Inconceivable: Christiane Spatt, Sabine Groschup, Elisabeth Zoe Knass & Holger Lang Opening: Saturday November 14, 6 - 9 pm
Exhibition Dates: November 14 - December 6
Christopher Saucedo is pleased to present and exhibition of four Austrian artists in the main room of the Good Children gallery in an exhibition titled: Inconceivable, featuring four Austrian artists: Christiane Spatt, Sabine Groschup, Elisabeth Zoe Knass and Holger Lang.
About the show, Holgar Langs says: “This show will give the audience in and around New Orleans the possibility to experience contemporary work from a far, far away land. As visitors from charming Vienna, a traditional cultural center in good old Europe, these established artists will bring some of the engaging flavor of the life in a quaint foreign city to Louisiana. When Holger Lang, who’s work had in the past already been presented at the GOOD CHILDREN gallery and at THE FRONT across the street, had been offered a new exhibition for his latest work he suggested to change the planned solo-exhibition to a more diverse group-show. As the gallery had responded very open to this proposal he could then pick several artists from Vienna who would not only provide excellent work, but also a background of personal connections and interactions between each other.
Their trip to the US was then sponsored by the Culture Section at the Federal Chancellery of Austria and by Webster Vienna Private University. In their enduring quest for a true and worthy creative bequest they all have been working in a variety of fields, crossing the boundaries of disciplines and domains.

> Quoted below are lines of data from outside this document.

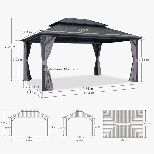 Multi-Szenen-Einsatz: Gesamtmaße: 485L x 365B x 307H cm. Der Pavillon kann zum Platzieren von L-förmiges Sofa, sitzgarnitur 10+1 sowie Massagewannen genutzt werden, es kann alias zum Ausmachen von Auto, zum Sperren von Grillparty und für andere Aktivitäten verwendet werden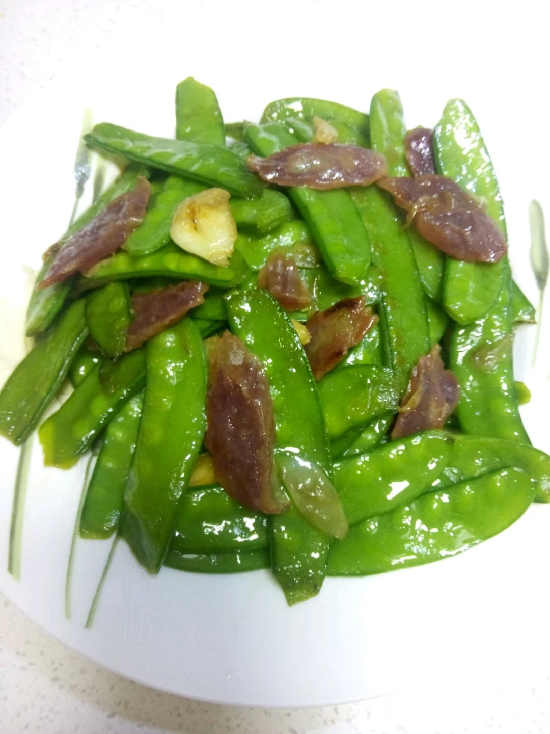 - 辅料 荷兰豆、蒜片、红椒片、鸡油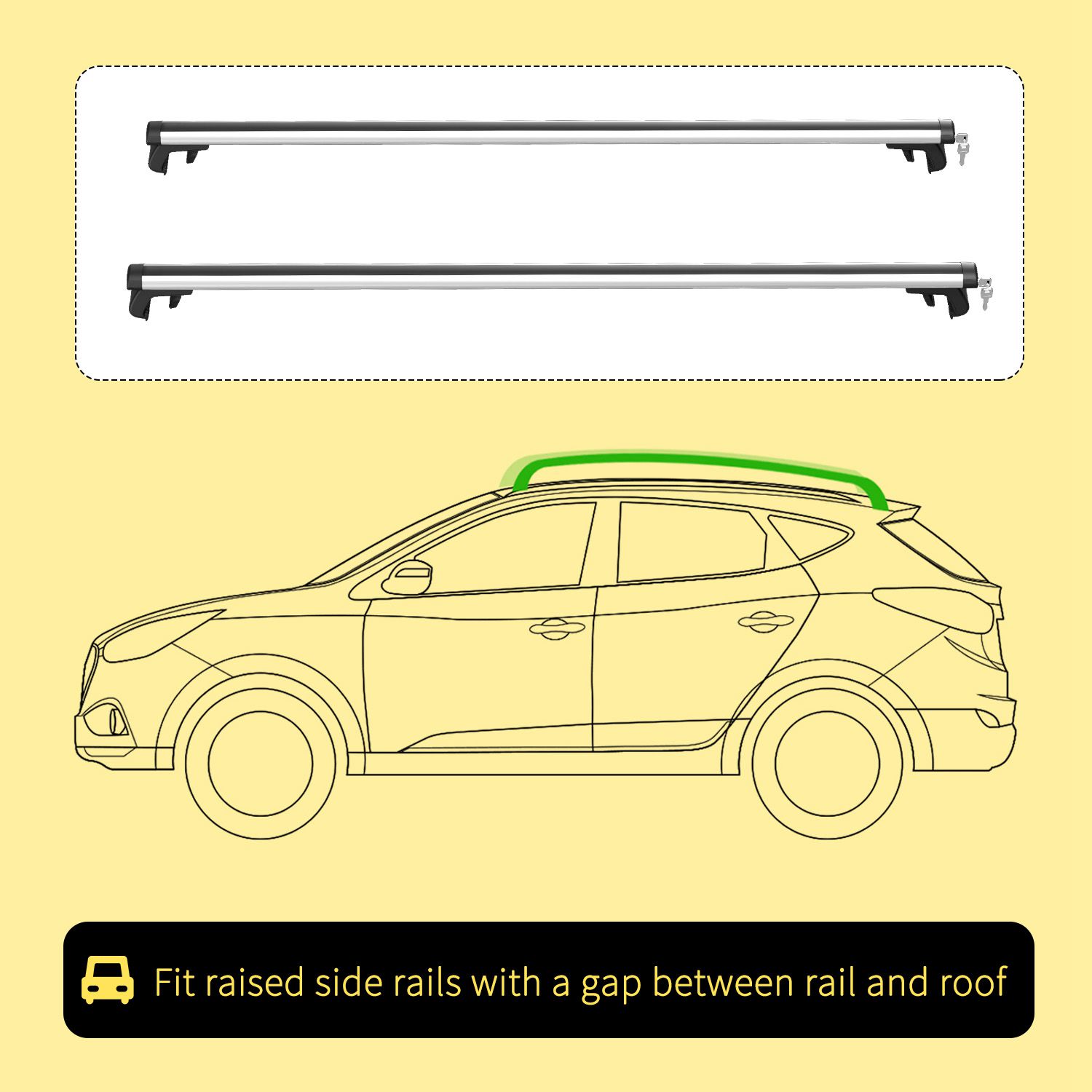 - Fit 2 Car Roofs: 2-piece cross bar roof rack is a great addition to your outdoor vehicle travel, suitable for roof rack which has a certain space between the rail and the roof. If there is no space between the rail and the roof, but there are grooves or slopes outside, it also works.

Collaboration and exchange is key elect of their artistic practice.
As part of their visit they will also give a talk at LSU in Baton Rouge where they will not only present further examples of their work, but they will also talk about surviving the rocky terrain of non-commercial international art. Based on their joint exhibition in New Orleans the transatlantic travelers will reveal unknown details of their work, manifest secrets of their interactions and disclose the intangible mysteries of their motivations.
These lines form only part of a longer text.